■ **Task statement**
Repeat exactly the lines of the records below, starting at the line containing "フープを立てた状態で輪っかくぐりをする園児達。" and ending at the line containing "This auction lot". Leave the pictures out.

■ **Source material**
┌──

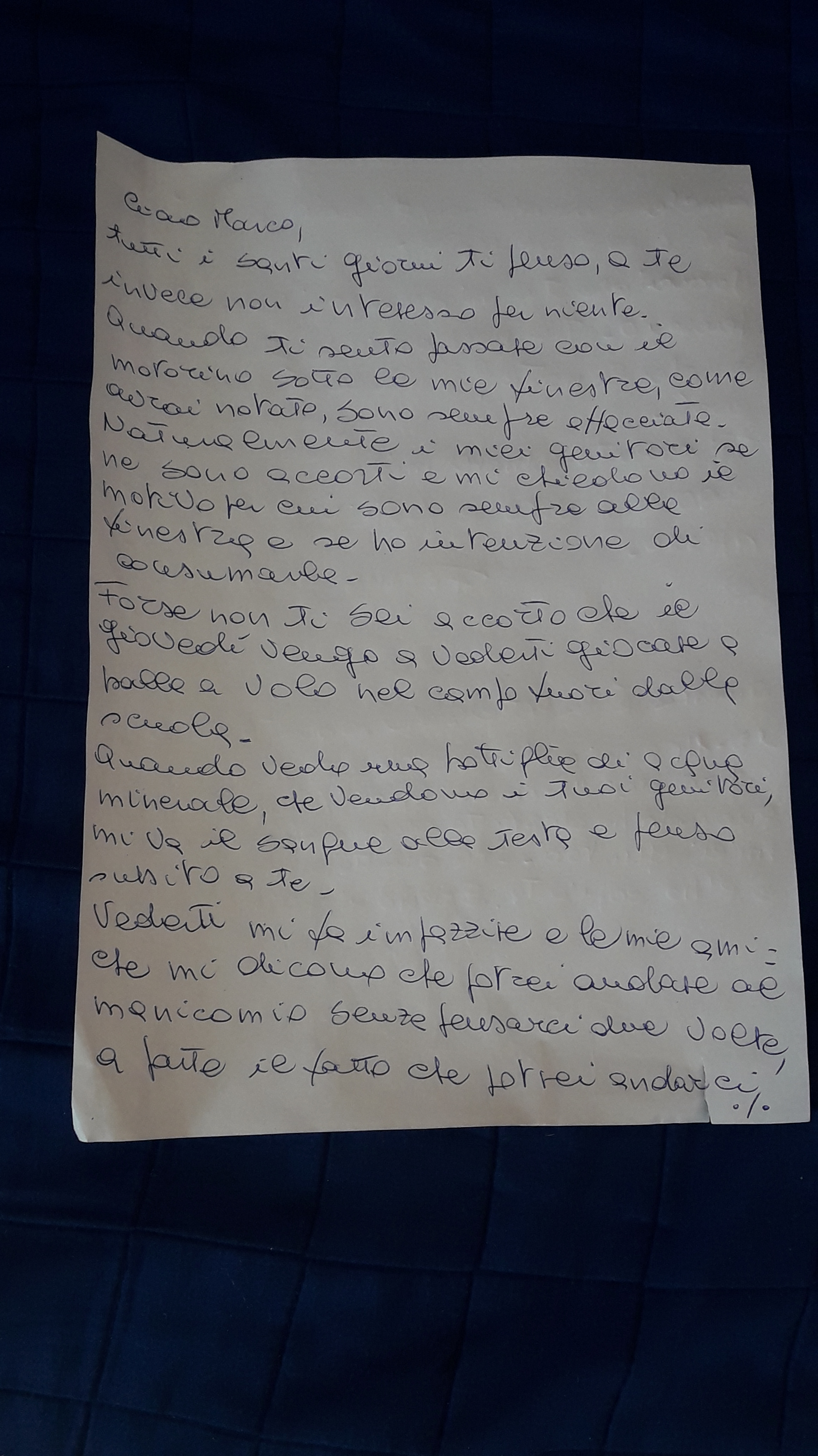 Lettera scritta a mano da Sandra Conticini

└──
┌──

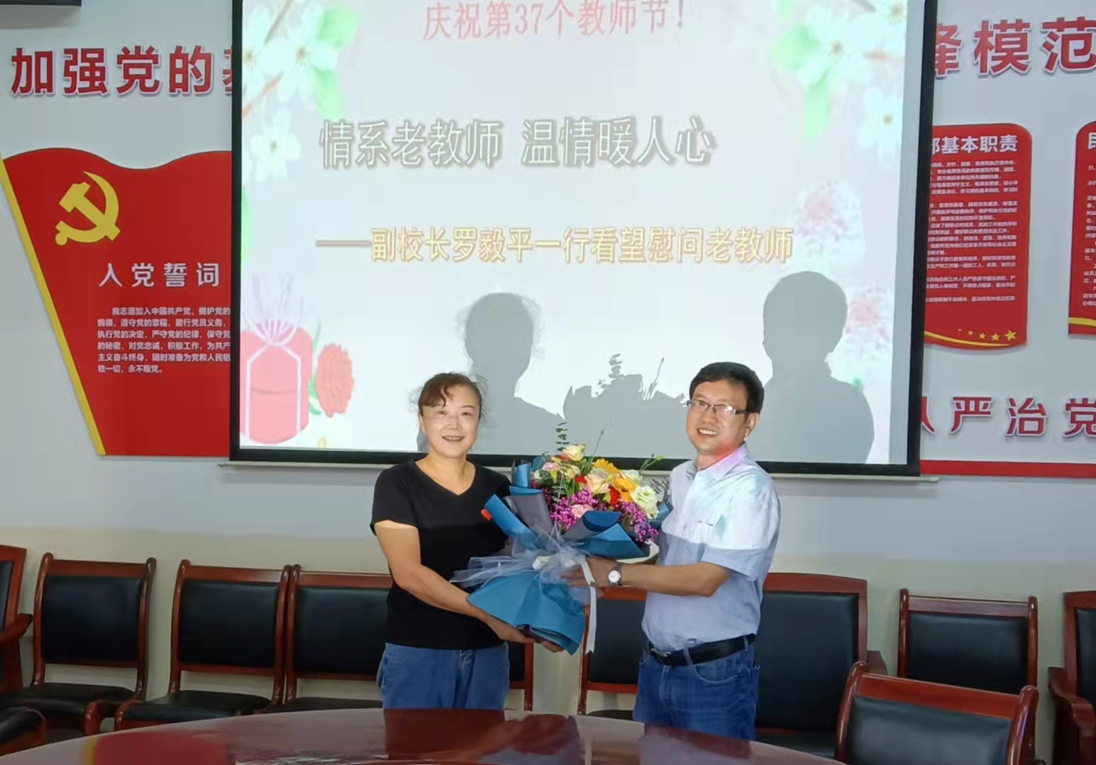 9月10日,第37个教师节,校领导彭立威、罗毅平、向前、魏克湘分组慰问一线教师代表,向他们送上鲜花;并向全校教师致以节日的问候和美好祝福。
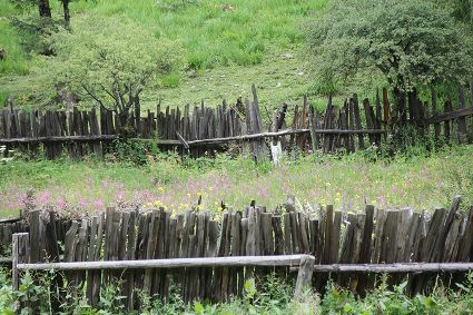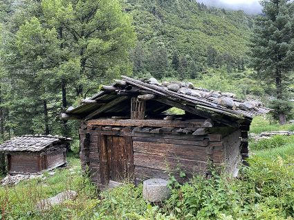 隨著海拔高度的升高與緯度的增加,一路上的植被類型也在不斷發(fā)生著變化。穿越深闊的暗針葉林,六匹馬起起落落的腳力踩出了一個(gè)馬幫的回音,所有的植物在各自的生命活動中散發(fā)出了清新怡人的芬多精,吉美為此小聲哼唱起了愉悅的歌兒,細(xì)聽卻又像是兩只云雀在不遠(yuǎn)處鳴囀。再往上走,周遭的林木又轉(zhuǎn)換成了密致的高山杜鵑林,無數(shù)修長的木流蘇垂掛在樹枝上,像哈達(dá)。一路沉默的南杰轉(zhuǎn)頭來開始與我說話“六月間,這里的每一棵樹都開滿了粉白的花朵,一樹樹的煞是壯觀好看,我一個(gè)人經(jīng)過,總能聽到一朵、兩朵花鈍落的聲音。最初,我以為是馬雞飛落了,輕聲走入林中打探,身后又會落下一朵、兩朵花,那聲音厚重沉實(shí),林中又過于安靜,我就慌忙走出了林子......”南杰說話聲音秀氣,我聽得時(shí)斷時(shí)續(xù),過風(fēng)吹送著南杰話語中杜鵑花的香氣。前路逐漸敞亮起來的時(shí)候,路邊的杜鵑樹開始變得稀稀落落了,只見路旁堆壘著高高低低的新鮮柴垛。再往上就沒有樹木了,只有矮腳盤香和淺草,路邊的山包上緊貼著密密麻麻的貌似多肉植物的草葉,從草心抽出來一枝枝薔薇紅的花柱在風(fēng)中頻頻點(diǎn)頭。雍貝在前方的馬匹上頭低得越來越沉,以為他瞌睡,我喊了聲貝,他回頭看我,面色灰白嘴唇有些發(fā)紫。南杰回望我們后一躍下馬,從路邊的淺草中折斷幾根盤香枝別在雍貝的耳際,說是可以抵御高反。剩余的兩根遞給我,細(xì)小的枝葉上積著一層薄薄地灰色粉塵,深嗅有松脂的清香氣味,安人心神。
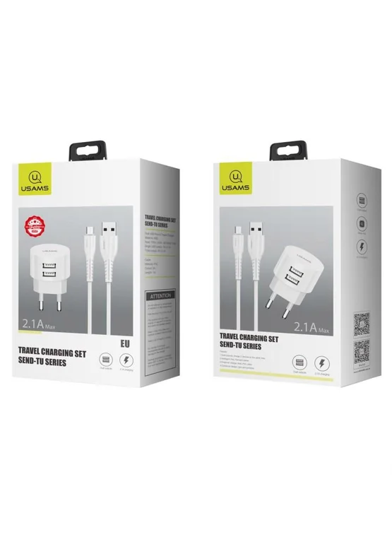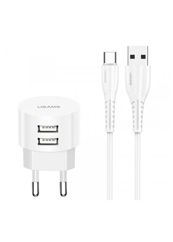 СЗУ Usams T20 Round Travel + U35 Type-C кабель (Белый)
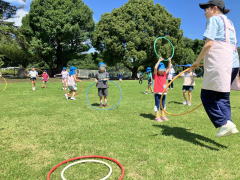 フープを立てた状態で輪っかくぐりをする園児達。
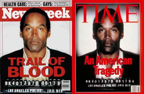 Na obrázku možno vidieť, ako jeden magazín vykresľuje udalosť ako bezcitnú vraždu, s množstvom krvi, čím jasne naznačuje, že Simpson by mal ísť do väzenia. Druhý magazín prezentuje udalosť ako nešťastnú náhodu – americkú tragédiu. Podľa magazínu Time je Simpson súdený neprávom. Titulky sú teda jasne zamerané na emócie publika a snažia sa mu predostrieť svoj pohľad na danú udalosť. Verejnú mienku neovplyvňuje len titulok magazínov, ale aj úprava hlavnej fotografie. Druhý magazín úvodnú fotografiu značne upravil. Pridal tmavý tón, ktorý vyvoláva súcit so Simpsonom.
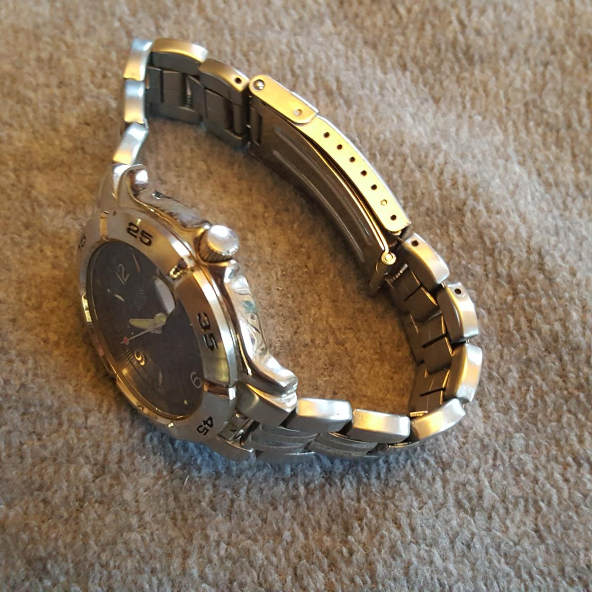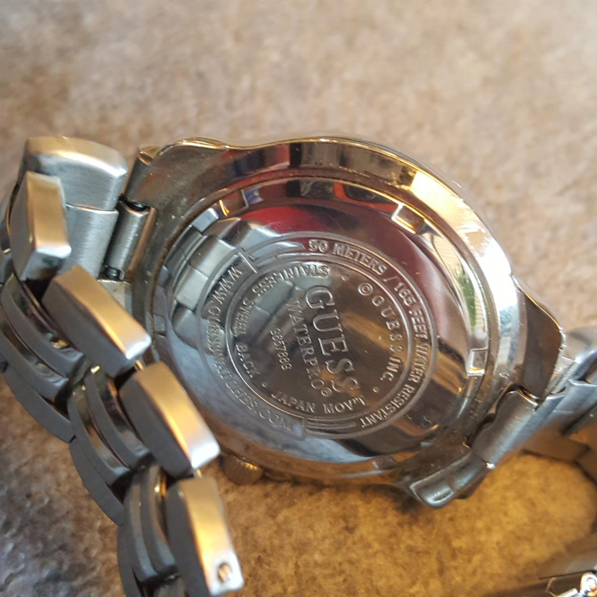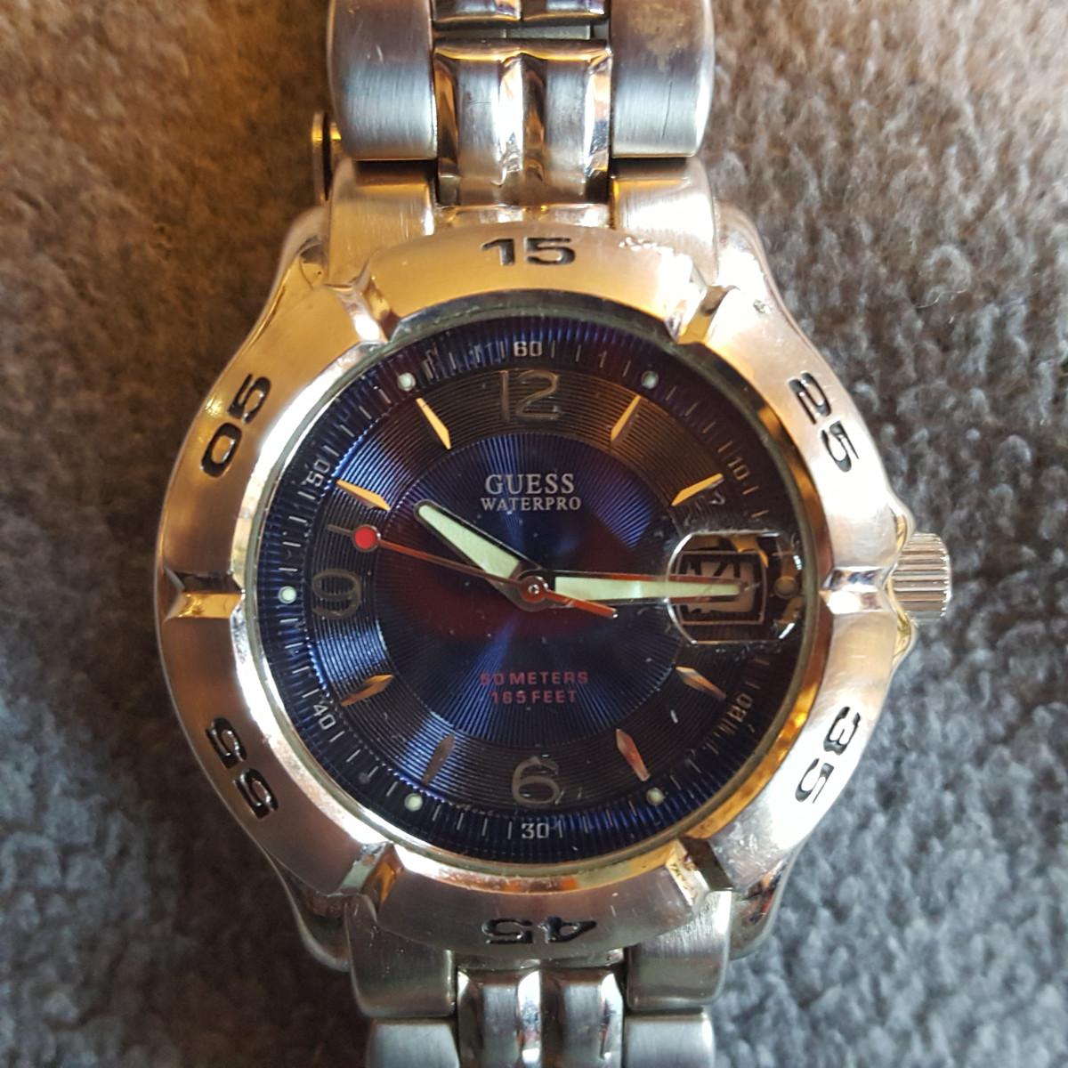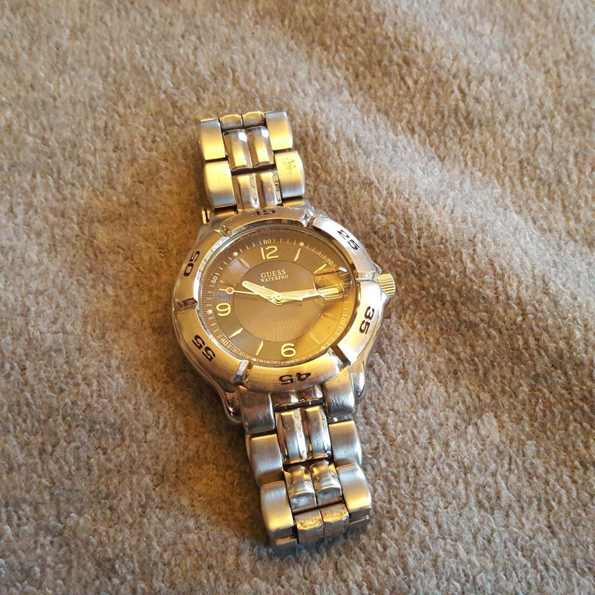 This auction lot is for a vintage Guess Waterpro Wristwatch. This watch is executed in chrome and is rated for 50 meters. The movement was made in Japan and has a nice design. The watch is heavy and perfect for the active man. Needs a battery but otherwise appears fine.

└──

■ **Task output**
 フープを立てた状態で輪っかくぐりをする園児達。
 Na obrázku možno vidieť, ako jeden magazín vykresľuje udalosť ako bezcitnú vraždu, s množstvom krvi, čím jasne naznačuje, že Simpson by mal ísť do väzenia. Druhý magazín prezentuje udalosť ako nešťastnú náhodu – americkú tragédiu. Podľa magazínu Time je Simpson súdený neprávom. Titulky sú teda jasne zamerané na emócie publika a snažia sa mu predostrieť svoj pohľad na danú udalosť. Verejnú mienku neovplyvňuje len titulok magazínov, ale aj úprava hlavnej fotografie. Druhý magazín úvodnú fotografiu značne upravil. Pridal tmavý tón, ktorý vyvoláva súcit so Simpsonom.
 This auction lot is for a vintage Guess Waterpro Wristwatch. This watch is executed in chrome and is rated for 50 meters. The movement was made in Japan and has a nice design. The watch is heavy and perfect for the active man. Needs a battery but otherwise appears fine.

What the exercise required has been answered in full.